NIPH Clinical Trials Search

A study to evaluate the effect of venglustat tablets on left ventricular mass index in male and female adult participants with Fabry disease

Basic Information

Recruitment status	Recruiting
Health condition(s) or Problem(s) studied	Fabry's disease
Date of first enrollment	14/07/2022
Target sample size	90
Countries of recruitment	China,Japan,Italy,Japan,Republic of Korea,Japan
Study type	Interventional
Intervention(s)	Drug: Venglustat (GZ402671) Pharmaceutical form: Tablet, Route of administration: Oral Drug: Agalsidase alfa Pharmaceutical form: Concentrate for solution for infusion, Route of administration: IV infusion Drug: Agalsidase beta (GZ419828) Pharmaceutical form: Powder for concentrate for solution for infusion, Route of administration: IV infusion Drug: Migalastat Pharmaceutical form: Hard capsules, Route of administration: Oral

Outcome(s)

Primary Outcome

1. Slope of left ventricular mass index as measured by cardiac magnetic resonance imaging (MRI) (central reading) [ Time Frame: from baseline to 18 months ]

Secondary Outcome

1. Slope of estimated glomerular filtration rate (eGFR) as assessed by the chronic kidney disease epidemiology collaboration (CKD-EPI) creatinine equation [ Time Frame: from baseline to 18 months ] 2. Change in T1 relaxation time, measured by cardiac MRI (central reading) [ Time Frame: from baseline to 18 months ] 3. Change in global longitudinal strain, measured by echocardiography (central reading) [ Time Frame: from baseline to 18 months ] 4. Number of participants with adverse event (AE) and serious adverse event (SAE) [ Time Frame: from baseline to 18 months ] 5. Change in Beck Depression Inventory-II (BDI-II) score [ Time Frame: from baseline to 18 months ] 6. Plasma venglustat concentrations at prespecified visits over the study duration [ Time Frame: from baseline to 18 months ]

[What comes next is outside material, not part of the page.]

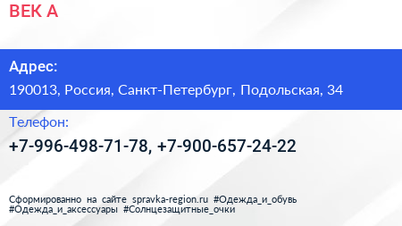ВЕК-А по адресу 190013, Россия, Санкт-Петербург, Подольская, 34 в дальнейшем Организация, размещена в следующих категориях: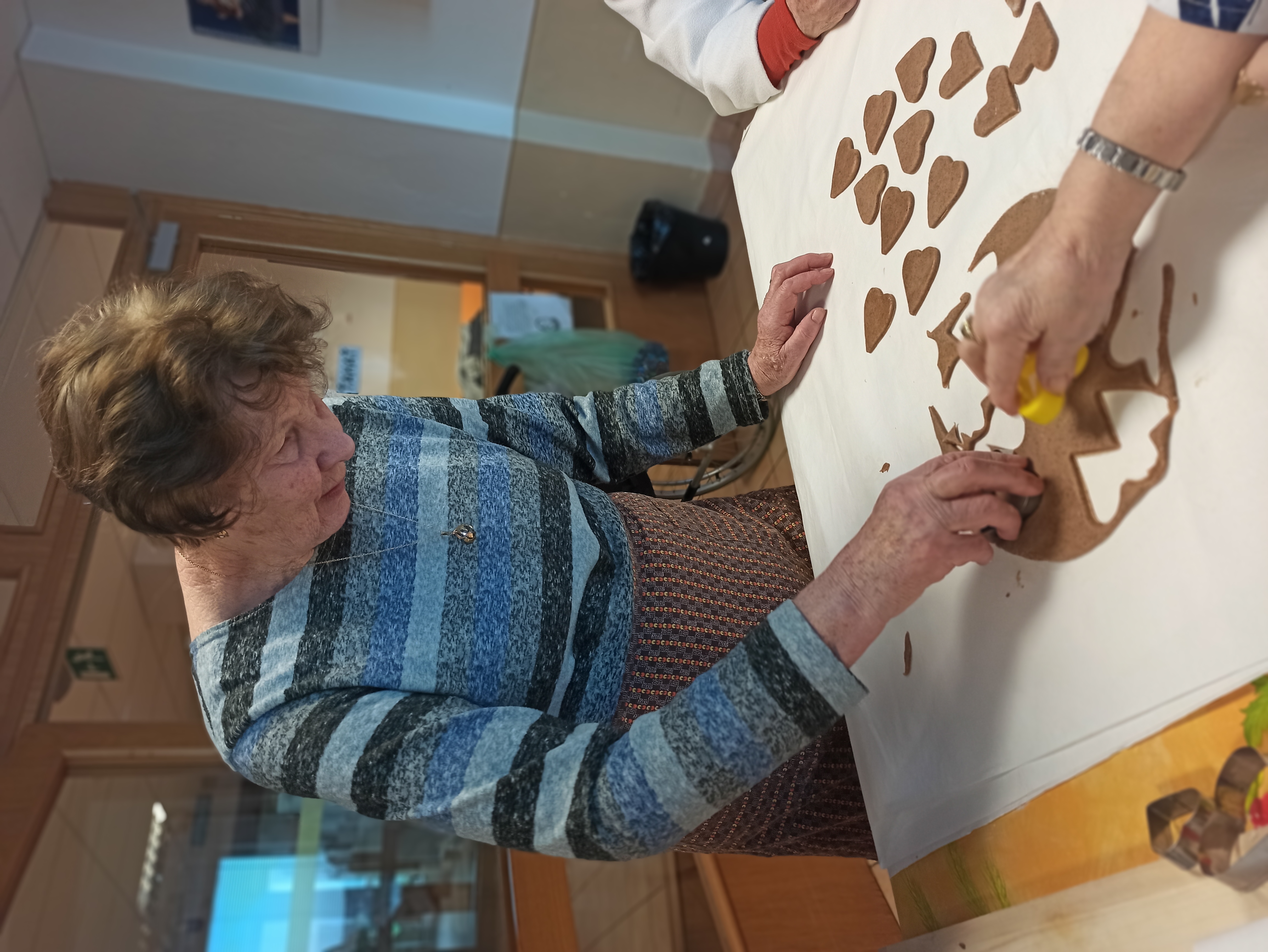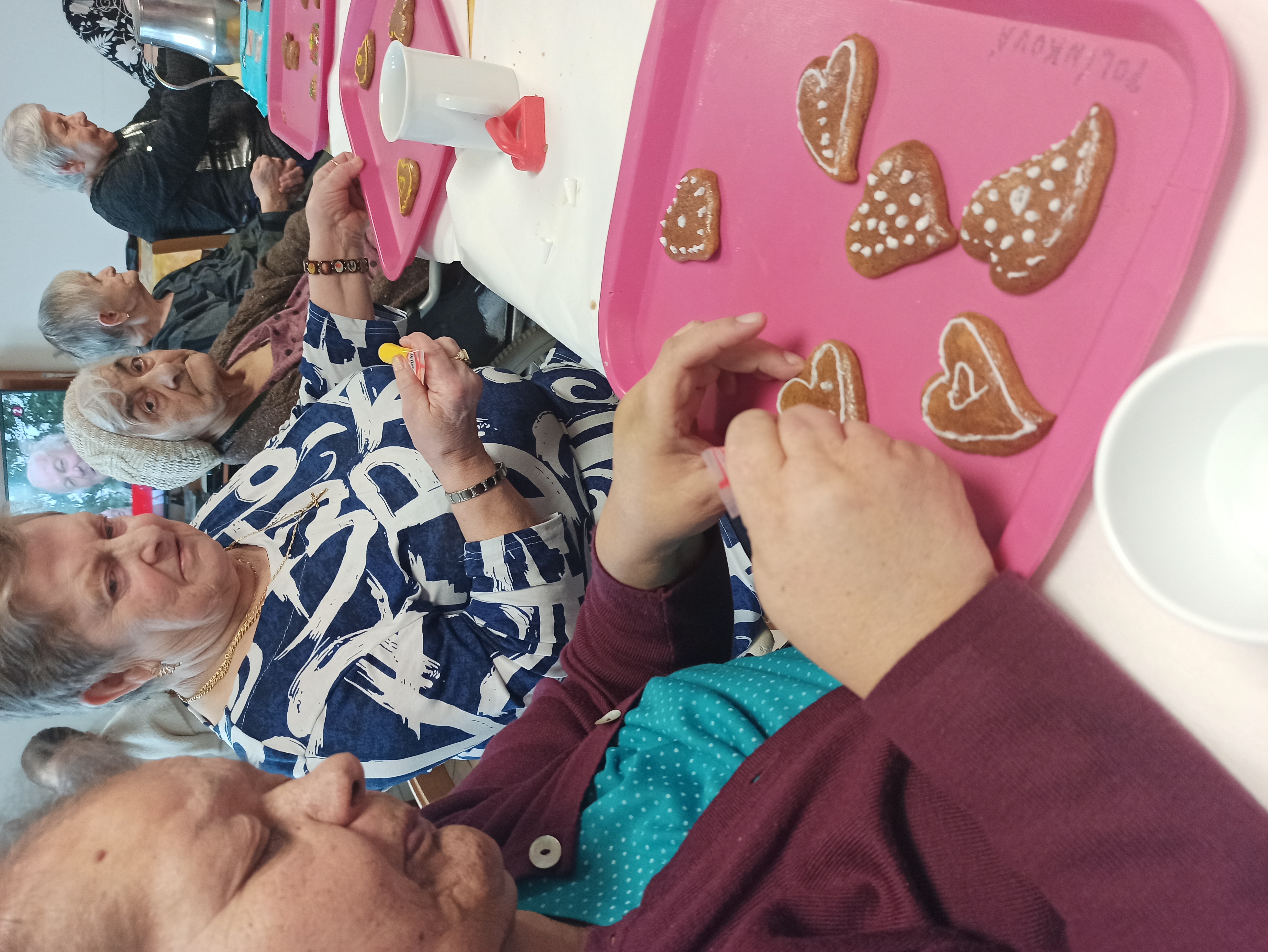 Ďalšou spoločne organizovanou terapiou pre klientov na oboch budovách bolo pečenie Valentínskych medových srdiečok. Obyvatelia budovy na Hudecovej ulici tento raz pripravili medovníkové cesto podľa svojho vlastného a osvedčeného receptu. Na ďalší deň celé doobedie všetci spolu vykrajovali, piekli i zdobili srdiečka. Týmito v piatok, na deň sv. Valentína, z lásky obdarujú všetkých obyvateľov na oboch budovách.

Key inclusion & exclusion criteria

Age minimum	>= 18age old
Age maximum	<= 65age old
Gender	Both
Include criteria	- Male and female participants aged 18 to 65 with previously confirmed diagnosis of Fabry disease and a history of clinical symptoms of Fabry disease. - Participants may be receiving treatment with agalsidase alfa, agalsidase beta, or migalastat, or may be untreated. - Left ventricular hypertrophy. - Contraception for male or female participants: not pregnant or breastfeeding; no sperm donating for male participant. - A signed informed consent must be provided prior to any study-related procedures.
Exclude criteria	- History of transient ischemic attack, stroke, myocardial infarction, heart failure, major cardiovascular surgery or kidney transplantation. - History of seizures currently requiring treatment. - Underlying medical condition that may cause or contribute to left ventricular hypertrophy. - Asymmetric hypertrophy by cardiac MRI at screening. - Advanced cardiac fibrosis, defined as significant late gadolinium enhancement beyond the basal inferolateral left ventricular wall on cardiac MRI. - History of ongoing clinically significant cardiac arrythmia, prior or ongoing treatment. - Estimated glomerular filtration rate <60 mL/min/1.73m^2. - Presence of severe depression as measured by Beck's Depression Inventory (BDI)-II >28 and/or a history of an untreated, unstable major affective disorder within 1 year of the screening visit. - Patients with hepatitis C, HIV, or hepatitis B infection. - Positive SARS-CoV-2 virus test within 2 weeks of enrollment, or COVID-19 requiring hospitalization within 6 months of enrollment. - History of drug and/or alcohol abuse. - Moderate to severe hepatic impairment. - History of or active hepatobiliary disease. - Liver enzymes (alanine aminotransferase/aspartate aminotransferase) or total bilirubin >2 times the upper limit of normal. - Strong or moderate inducers or inhibitors of cytochrome P450 CYP3A4 per Food and - Drug Administration (FDA) classification within 14 days or 5 half-lives, whichever is longer, prior to randomization. - Known contraindication to undergoing MRI or known hypersensitivity to gadolinium-based contrast agents.